### Exercise
Line by line, return the listing exactly, without any of the images.

### Listed records
┌──

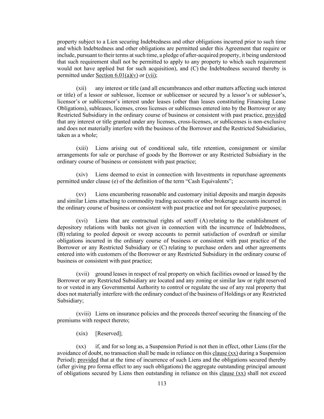 113 property subject to a Lien securing Indebtedness and other obligations incurred prior to such time and which Indebtedness and other obligations are permitted under this Agreement that require or include, pursuant to their terms at such time, a pledge of after-acquired property, it being understood that such requirement shall not be permitted to apply to any property to which such requirement would not have applied but for such acquisition), and (C) the Indebtedness secured thereby is permitted under Section 6.01(a)(v) or (vii); (xii) any interest or title (and all encumbrances and other matters affecting such interest or title) of a lessor or sublessor, licensor or sublicensor or secured by a lessor’s or sublessor’s, licensor’s or sublicensor’s interest under leases (other than leases constituting Financing Lease Obligations), subleases, licenses, cross licenses or sublicenses entered into by the Borrower or any Restricted Subsidiary in the ordinary course of business or consistent with past practice, provided that any interest or title granted under any licenses, cross-licenses, or sublicenses is non-exclusive and does not materially interfere with the business of the Borrower and the Restricted Subsidiaries, taken as a whole; (xiii) Liens arising out of conditional sale, title retention, consignment or similar arrangements for sale or purchase of goods by the Borrower or any Restricted Subsidiary in the ordinary course of business or consistent with past practice; (xiv) Liens deemed to exist in connection with Investments in repurchase agreements permitted under clause (e) of the definition of the term “Cash Equivalents”; (xv) Liens encumbering reasonable and customary initial deposits and margin deposits and similar Liens attaching to commodity trading accounts or other brokerage accounts incurred in the ordinary course of business or consistent with past practice and not for speculative purposes; (xvi) Liens that are contractual rights of setoff (A) relating to the establishment of depository relations with banks not given in connection with the incurrence of Indebtedness, (B) relating to pooled deposit or sweep accounts to permit satisfaction of overdraft or similar obligations incurred in the ordinary course of business or consistent with past practice of the Borrower or any Restricted Subsidiary or (C) relating to purchase orders and other agreements entered into with customers of the Borrower or any Restricted Subsidiary in the ordinary course of business or consistent with past practice; (xvii) ground leases in respect of real property on which facilities owned or leased by the Borrower or any Restricted Subsidiary are located and any zoning or similar law or right reserved to or vested in any Governmental Authority to control or regulate the use of any real property that does not materially interfere with the ordinary conduct of the business of Holdings or any Restricted Subsidiary; (xviii) Liens on insurance policies and the proceeds thereof securing the financing of the premiums with respect thereto; (xix) [Reserved]; (xx) if, and for so long as, a Suspension Period is not then in effect, other Liens (for the avoidance of doubt, no transaction shall be made in reliance on this clause (xx) during a Suspension Period); provided that at the time of incurrence of such Liens and the obligations secured thereby (after giving pro forma effect to any such obligations) the aggregate outstanding principal amount of obligations secured by Liens then outstanding in reliance on this clause (xx) shall not exceed
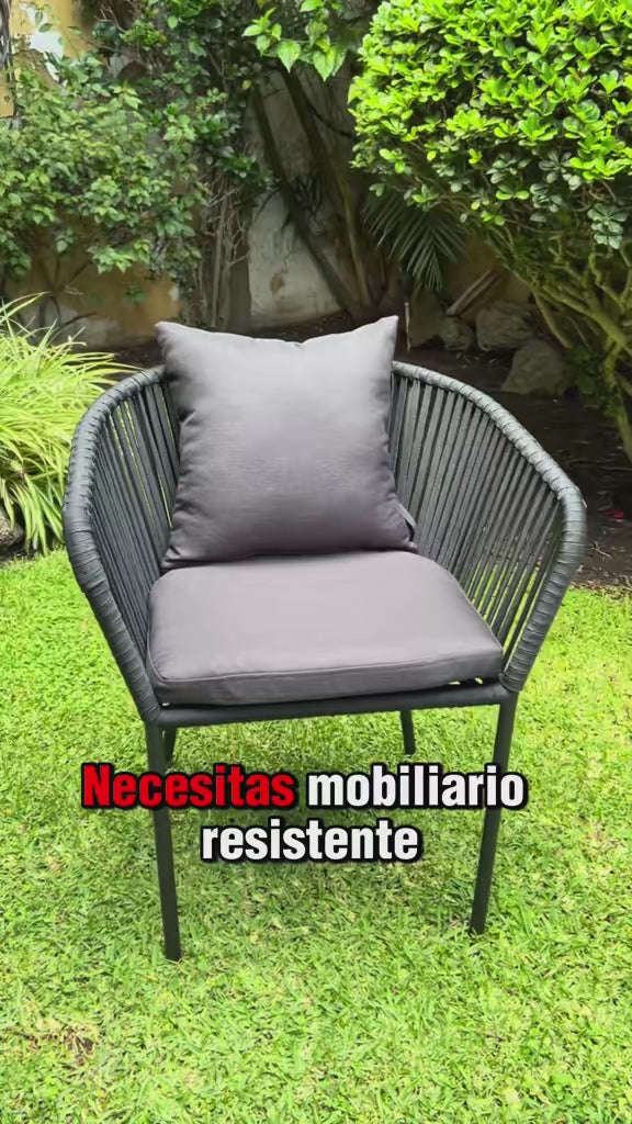 Silla de Jardín para Exterior Tejida con Cojín Incluido, Modelo Tulum
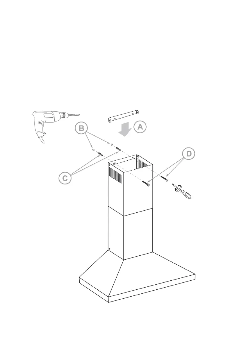 secção da chaminé, marque a sua posição na parede junto ao tecto,
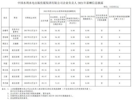 按照《國務院關于改革國有企業工資決定機制的意見》(國發〔2018〕16號)的規定,現將本企業2021年工資分配信息披露如下: 中國水利水電出版傳媒集團有限公司
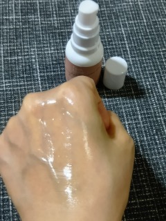 ガラスのプッシュタイプのボトル。 中身のキラキラした色が見えるのが素敵。 中身は、とろっとややゆるめなテクスチャー。 すっとスムーズになじみ、べたつかない。 しっとりとするような使い心地でハリツヤ(個人の体験による) シトラス系やハーブによるさわやかな香りがふわっとただよって素敵。 べたつかないので朝晩使いやすいので気に入ってます。
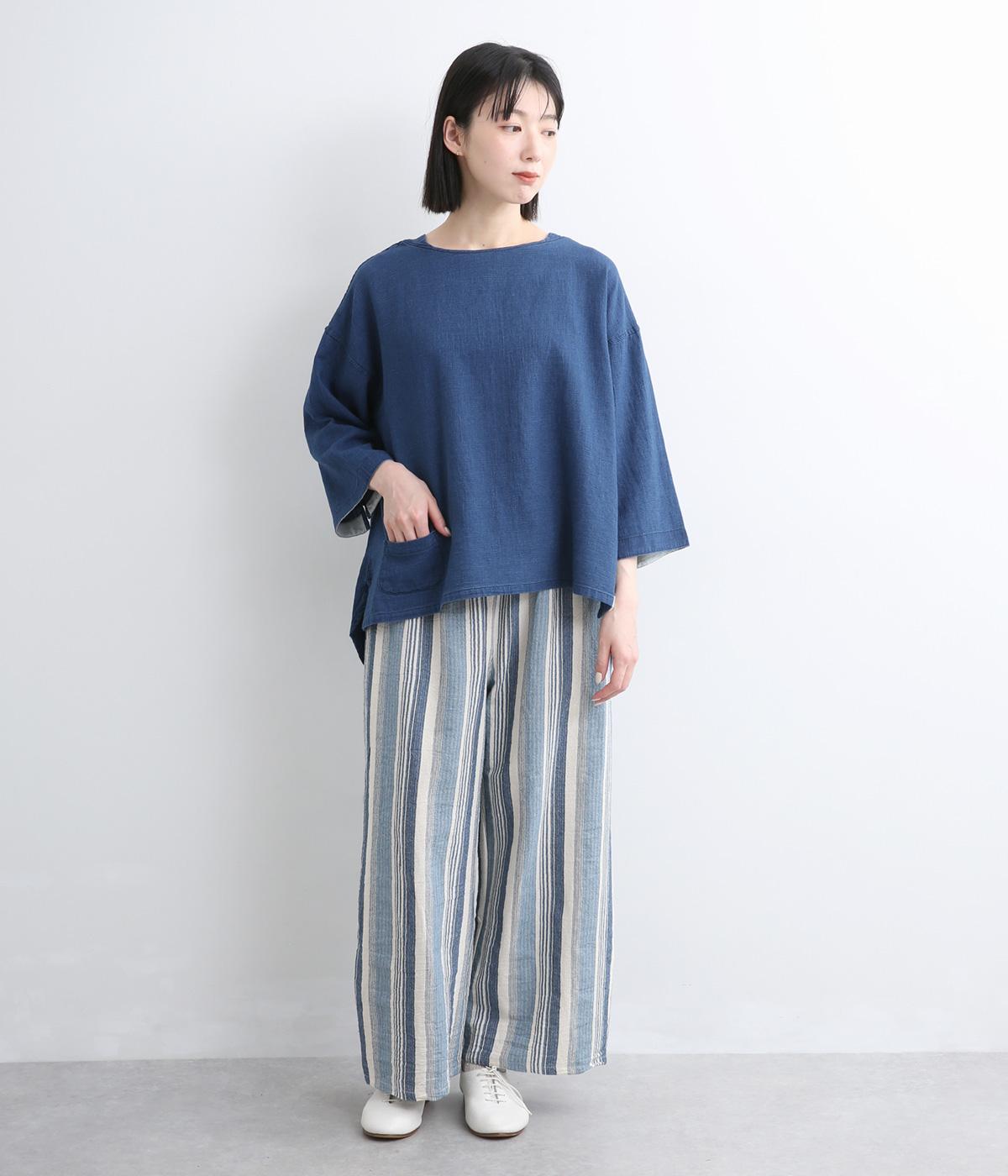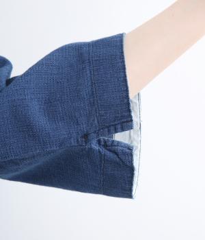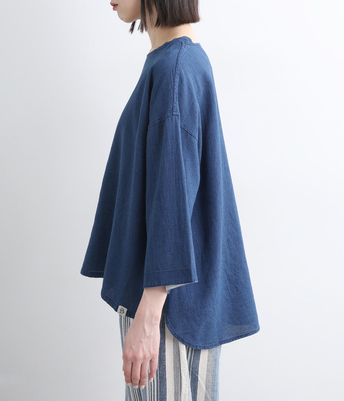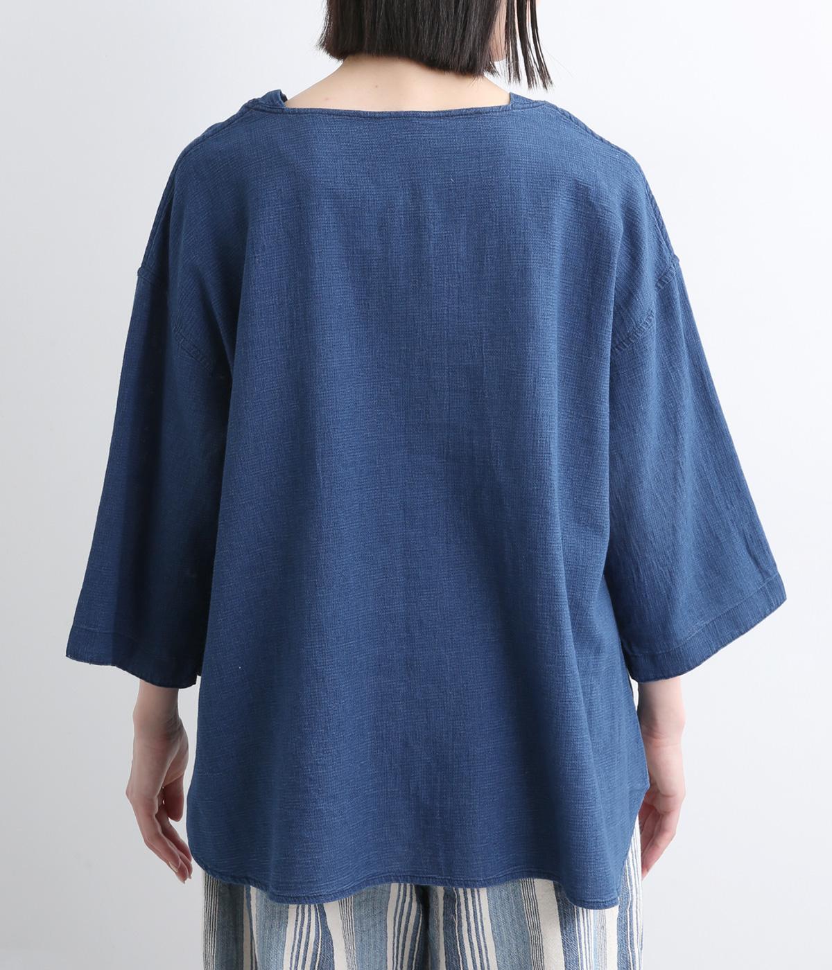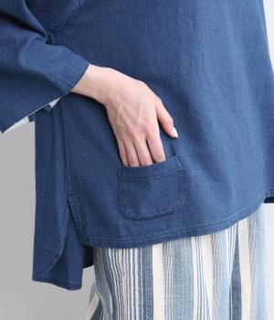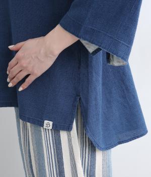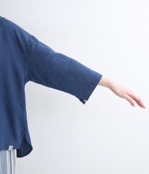 ゆったりとした着心地のよさとすっきり見えを両立させたバトーシャツ。インディゴ染め特有の雰囲気のいい風合いが魅力で、袖口は折り返して裏布をワンポイントに見せるのがおすすめ。後ろ着丈を長くしているのでラフなボトム合わせもサマになります。
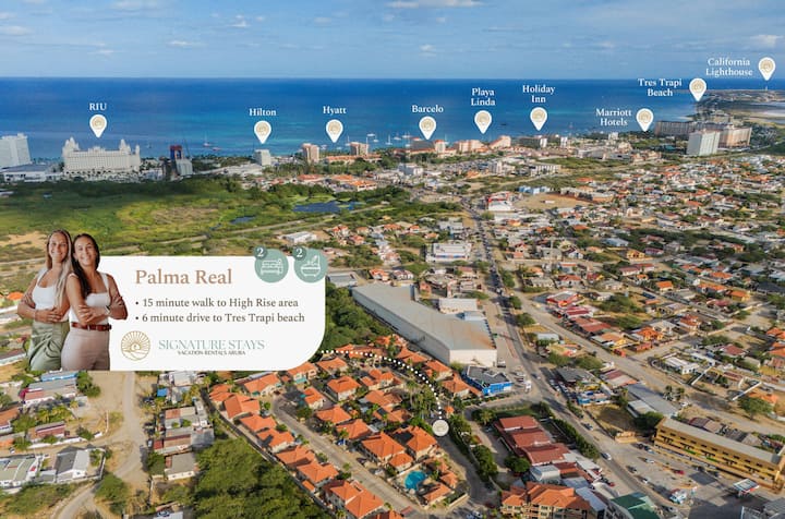მოგესალმებათ Caribbean Hideaway at Palma Real Aruba — თანამედროვე 2‑საძინებლიანი, 2‑სააბაზანო კონდომინიუმი, რომელიც მდებარეობს ნოორდში, პალმა‑რეალის ექსკლუზიურ, შემოღობილ დასახლებაში. კერძო ბაღი, კარიბული სტილით გაფორმებული ინტერიერი და საერთო წვნიანი აუზები ამ საცხოვრებელს კომფორტს, პირად სივრცესა და სიამოვნებას სძენს. ეს საცხოვრებელი იდეალურია ოჯახებისთვის ან მაქსიმუმ ექვსი ადამიანისგან შემდგარი ჯგუფებისთვის. ის პალმ‑ბიჩიდან რამდენიმე წუთის სავალზე მდებარეობს.
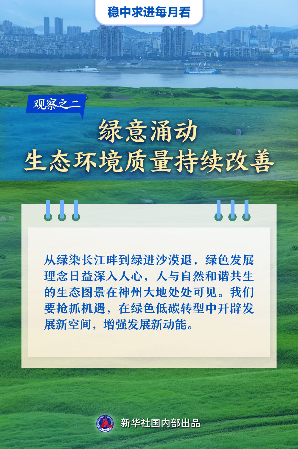 【記者觀察】從綠染長江畔到綠進沙漠退,綠色發展理念日益深入人心,人與自然和諧共生的生態圖景在神州大地處處可見。我們要搶抓機遇,在綠色低碳轉型中開闢發展新空間,增強發展新動能。
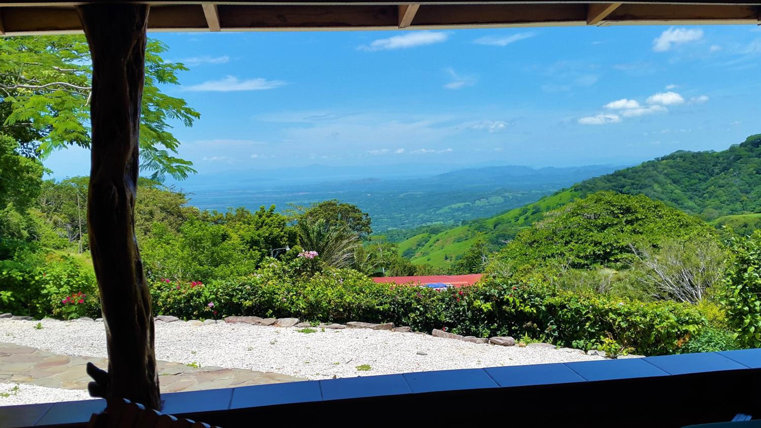 Le décors au bord de la terrasse, vue sur les collines jusqu'a la mer.
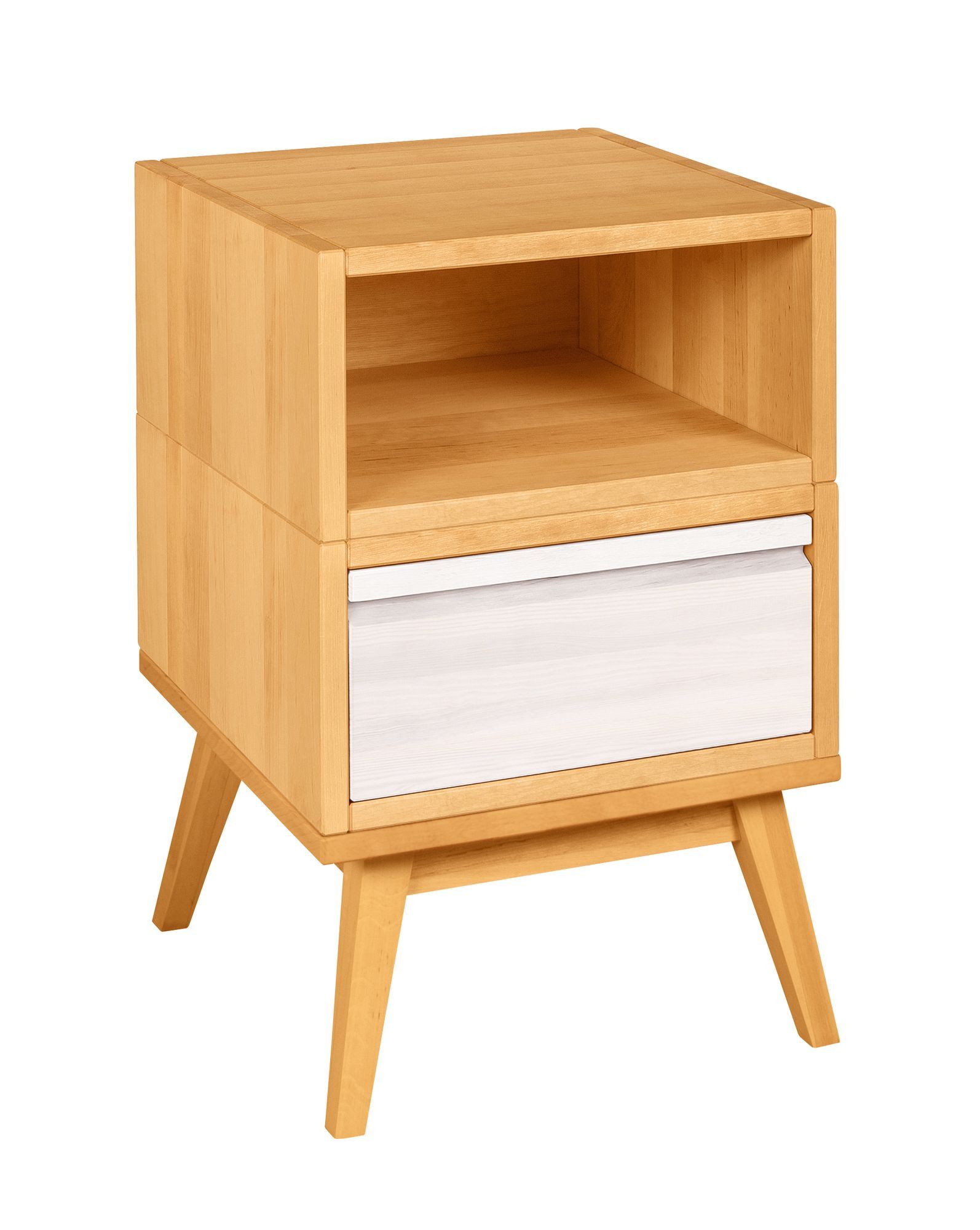 - Laura Retro Nachttisch mit Schublade und offen: 1 Schublade mit Leichtlaufschienen und Soft-Close-Mechanismus, elegant gefräste Griffmulden, 1 offenes Fach mit Rückwand. Inkl. Laura Verbindungsset.

└──

### Response to this exercise
 113 property subject to a Lien securing Indebtedness and other obligations incurred prior to such time and which Indebtedness and other obligations are permitted under this Agreement that require or include, pursuant to their terms at such time, a pledge of after-acquired property, it being understood that such requirement shall not be permitted to apply to any property to which such requirement would not have applied but for such acquisition), and (C) the Indebtedness secured thereby is permitted under Section 6.01(a)(v) or (vii); (xii) any interest or title (and all encumbrances and other matters affecting such interest or title) of a lessor or sublessor, licensor or sublicensor or secured by a lessor’s or sublessor’s, licensor’s or sublicensor’s interest under leases (other than leases constituting Financing Lease Obligations), subleases, licenses, cross licenses or sublicenses entered into by the Borrower or any Restricted Subsidiary in the ordinary course of business or consistent with past practice, provided that any interest or title granted under any licenses, cross-licenses, or sublicenses is non-exclusive and does not materially interfere with the business of the Borrower and the Restricted Subsidiaries, taken as a whole; (xiii) Liens arising out of conditional sale, title retention, consignment or similar arrangements for sale or purchase of goods by the Borrower or any Restricted Subsidiary in the ordinary course of business or consistent with past practice; (xiv) Liens deemed to exist in connection with Investments in repurchase agreements permitted under clause (e) of the definition of the term “Cash Equivalents”; (xv) Liens encumbering reasonable and customary initial deposits and margin deposits and similar Liens attaching to commodity trading accounts or other brokerage accounts incurred in the ordinary course of business or consistent with past practice and not for speculative purposes; (xvi) Liens that are contractual rights of setoff (A) relating to the establishment of depository relations with banks not given in connection with the incurrence of Indebtedness, (B) relating to pooled deposit or sweep accounts to permit satisfaction of overdraft or similar obligations incurred in the ordinary course of business or consistent with past practice of the Borrower or any Restricted Subsidiary or (C) relating to purchase orders and other agreements entered into with customers of the Borrower or any Restricted Subsidiary in the ordinary course of business or consistent with past practice; (xvii) ground leases in respect of real property on which facilities owned or leased by the Borrower or any Restricted Subsidiary are located and any zoning or similar law or right reserved to or vested in any Governmental Authority to control or regulate the use of any real property that does not materially interfere with the ordinary conduct of the business of Holdings or any Restricted Subsidiary; (xviii) Liens on insurance policies and the proceeds thereof securing the financing of the premiums with respect thereto; (xix) [Reserved]; (xx) if, and for so long as, a Suspension Period is not then in effect, other Liens (for the avoidance of doubt, no transaction shall be made in reliance on this clause (xx) during a Suspension Period); provided that at the time of incurrence of such Liens and the obligations secured thereby (after giving pro forma effect to any such obligations) the aggregate outstanding principal amount of obligations secured by Liens then outstanding in reliance on this clause (xx) shall not exceed
 Silla de Jardín para Exterior Tejida con Cojín Incluido, Modelo Tulum
 secção da chaminé, marque a sua posição na parede junto ao tecto,
 按照《國務院關于改革國有企業工資決定機制的意見》(國發〔2018〕16號)的規定,現將本企業2021年工資分配信息披露如下: 中國水利水電出版傳媒集團有限公司
 ガラスのプッシュタイプのボトル。 中身のキラキラした色が見えるのが素敵。 中身は、とろっとややゆるめなテクスチャー。 すっとスムーズになじみ、べたつかない。 しっとりとするような使い心地でハリツヤ(個人の体験による) シトラス系やハーブによるさわやかな香りがふわっとただよって素敵。 べたつかないので朝晩使いやすいので気に入ってます。
 ゆったりとした着心地のよさとすっきり見えを両立させたバトーシャツ。インディゴ染め特有の雰囲気のいい風合いが魅力で、袖口は折り返して裏布をワンポイントに見せるのがおすすめ。後ろ着丈を長くしているのでラフなボトム合わせもサマになります。
მოგესალმებათ Caribbean Hideaway at Palma Real Aruba — თანამედროვე 2‑საძინებლიანი, 2‑სააბაზანო კონდომინიუმი, რომელიც მდებარეობს ნოორდში, პალმა‑რეალის ექსკლუზიურ, შემოღობილ დასახლებაში. კერძო ბაღი, კარიბული სტილით გაფორმებული ინტერიერი და საერთო წვნიანი აუზები ამ საცხოვრებელს კომფორტს, პირად სივრცესა და სიამოვნებას სძენს. ეს საცხოვრებელი იდეალურია ოჯახებისთვის ან მაქსიმუმ ექვსი ადამიანისგან შემდგარი ჯგუფებისთვის. ის პალმ‑ბიჩიდან რამდენიმე წუთის სავალზე მდებარეობს.
 【記者觀察】從綠染長江畔到綠進沙漠退,綠色發展理念日益深入人心,人與自然和諧共生的生態圖景在神州大地處處可見。我們要搶抓機遇,在綠色低碳轉型中開闢發展新空間,增強發展新動能。
 Le décors au bord de la terrasse, vue sur les collines jusqu'a la mer.
 - Laura Retro Nachttisch mit Schublade und offen: 1 Schublade mit Leichtlaufschienen und Soft-Close-Mechanismus, elegant gefräste Griffmulden, 1 offenes Fach mit Rückwand. Inkl. Laura Verbindungsset.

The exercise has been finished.